Phylogenetic tree of fungal isolates based on 18S rDNA constructed using the Neighbor-Joining method in MEGA X. The accession number shown at the end of the branch and their closest relatives’ sequences from the GenBank accession number shown at the tip of the branch. Ustilago maydis accession number KP322952 was an outlier. The percentage of replicate trees in which the associated taxa clustered together are shown next to the branches.
Myco-synthesis of AgNPs
The individual mixture of the aqueous filtrates from both fungal strains and the AgNO3 has been changed from colorless to a stable brown color after incubation for 24 h. Such changes indicated the reduction of silver ions to AgNPs by fungal secondary metabolites. This conversion was the first sign that Embellisia spp. and Gymnoascus spp. were capable in AgNPs fabrication from AgNO3 providing E-AgNPs and G-AgNPs, respectively.
Myco-synthesized AgNPs characterization
UV–visible spectrophotometry was used to further confirmation of the AgNPs synthesis from fungal filtrate. Strong beaks at 430 and 450 nm for E-AgNPs and G-AgNPs, respectively, were reported (Fig. 2A,B). The absorption peaks were detected in relation to the fungal filtrate (blank).
UV–visible absorption spectrum of E-AgNPs (A) and G-AgNPs (B) synthesized using Embellisia spp. and Gymnoascus spp., respectively.
The morphology and the size diameter of the myco-synthesized E-AgNPs and G-AgNPs were observed using TEM analysis which indicates well-dispersed spherical nanoparticles of 2–20 nm size diameter (Fig. 3A,B).
TEM micrograph showing morphological characterization of myco-synthesized using Embellisia spp (E-AgNPs, (A) and Gymnoascus spp., (G-AgNPs, B) and at magnifications of 250,000 and 150,000, respectively. Bar figures indicating the particles distribution (diameter and area) that calculated using imagJ software.
Further, analysis was done by DLS, that determined an average diameter of 63.39 nm for E-AgNPs and 59.97 nm for G-AgNPs with a polydispersity index (PDI) of 0.28 and 0.40, respectively (Fig. 4).
Size distribution of myco-synthesized E-AgNPs (A) and G-AgNPs (B) prepared using Embellisia spp. and Gymnoascus spp., respectively. The average diameter was calculated from three reading.
EDX analysis confirmed the presence of the silver element in all myco-synthesized AgNPs. Strong signals at 3 keV were noted for Ag, along with carbon and oxygen peaks (Fig. 5).
Surface morphology of E-AgNPs prepared by Embellisia spp (A) and G-AgNPs by Gymnoascus spp. (B). SEM images (1) indicating particle morphology, quantitative data analysis of images that presenting the relative composition of carbon, oxygen, and silver atoms (2) and EDS spectrum (3).
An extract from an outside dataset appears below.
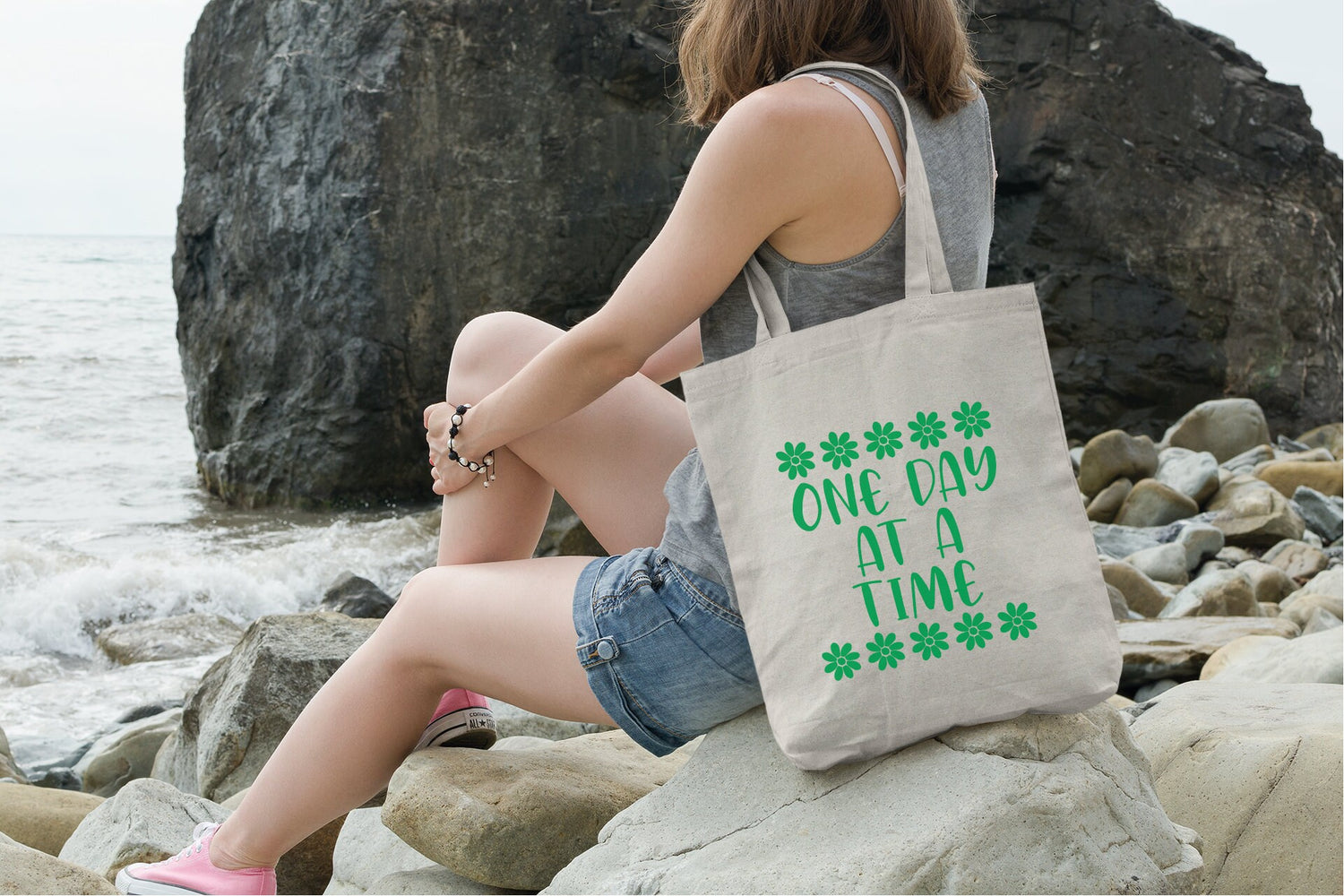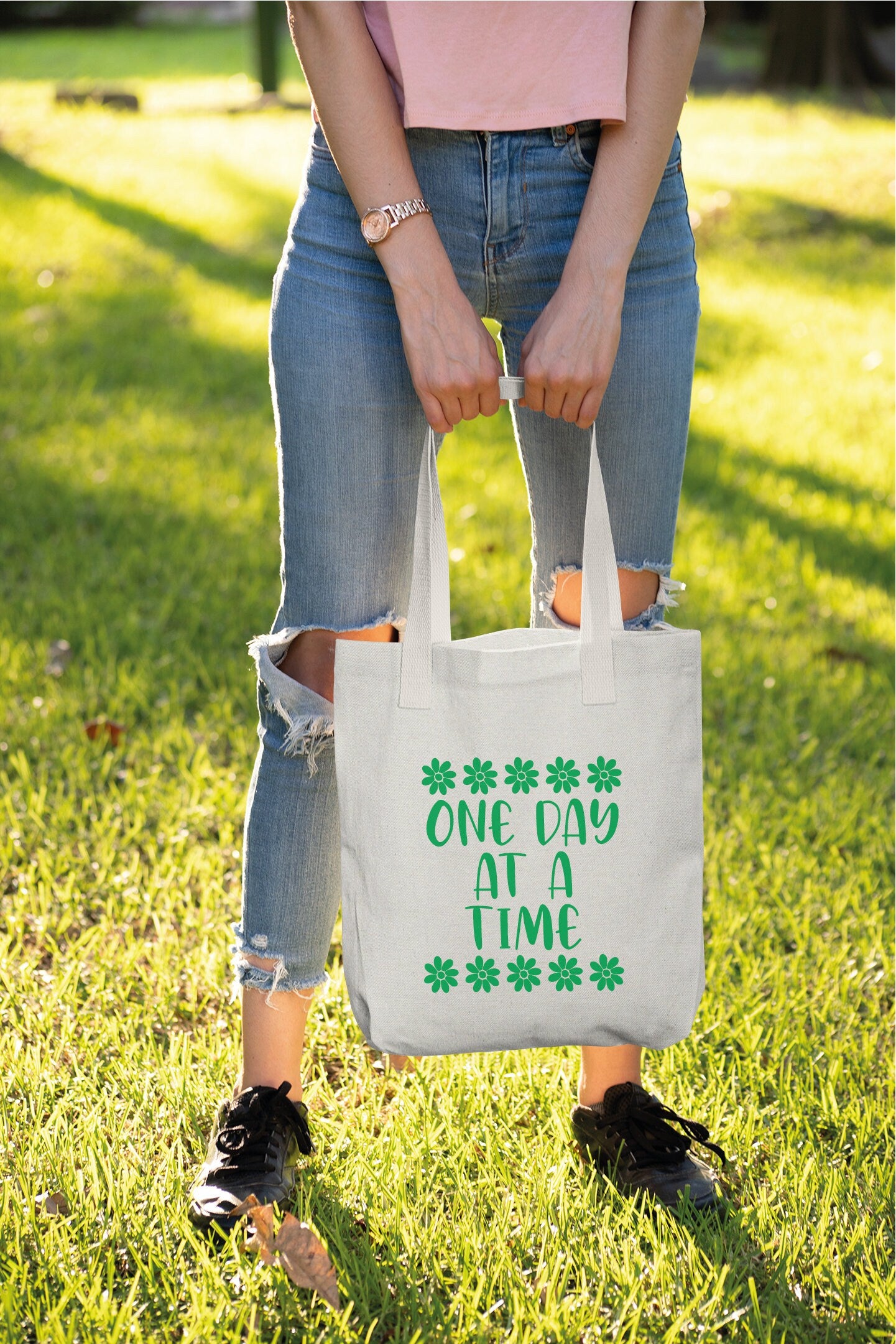 Tote Bags For Women, Canvas Tote Bag, Shopping Tote Bag, Reusable Tote Bag, Market Tote Bag, One Day At Time, Cotton Tote Bag is backordered and will ship as soon as it is back in stock.

The FTIR measurements were used to determine the presence of various functional groups in the fungal metabolites involved in AgNPs synthesis, capping, stabilization and consistency. The FTIR for the aqueous filtrate from Embellisia spp. showed eight peaks ranging from 3269.54 to 1633 cm−1; the peaks increased to ten for E-AgNPs ranging between 3282.16 and 1636.98 cm−1 (Fig. 6A). In Gymnoascus spp. filtrate, eleven peaks were detected ranging from 3258.51 to 1633.37 cm−1, whereas eleven peaks were detected for G-AgNPs ranging between 3319.33 and 1637.15 cm−1 (Fig. 6B).
FTIR pattern for Embellisia spp. filtrate and the bio-synthesized E-AgNPs (A) beside Gymnoascus spp. filtrate and the bio-synthesized G-AgNPs (B).
Antibacterial activity of the myco-synthesized AgNPs
When the E-AgNPs and G-AgNPs at concentrations of 1 mg mL−1 each were tested for antimicrobial activity against four human pathogenic bacteria. The maximum activity was recorded against K. pneumoniae, with growth inhibition zones of 5 and 3.8 mm for E-AgNPs and G-AgNPs, respectively. S. aureus was also sensitive to AgNPs with growth inhibition zones of 4.8 mm for E-AgNPs and 2.5 mm for G-AgNPs (Fig. 7A,B). The lowest activity of both AgNPs was noted against E. coil and P. aeruginosa. The activity of E-AgNPs was significantly higher than G-AgNPs (p < 0.001).Significant varitaion in the bacterial response to the myco-fabricated AgNPs was noted as well as their interaction.
Antibacterial activity of myco-synthesized E-AgNPs (A) and G-AgNPs (B), using Embellisia spp. and Gymnoascus spp., respectively, in comparison to AgNO3, ampicillin antibiotic and fungal water filtrate.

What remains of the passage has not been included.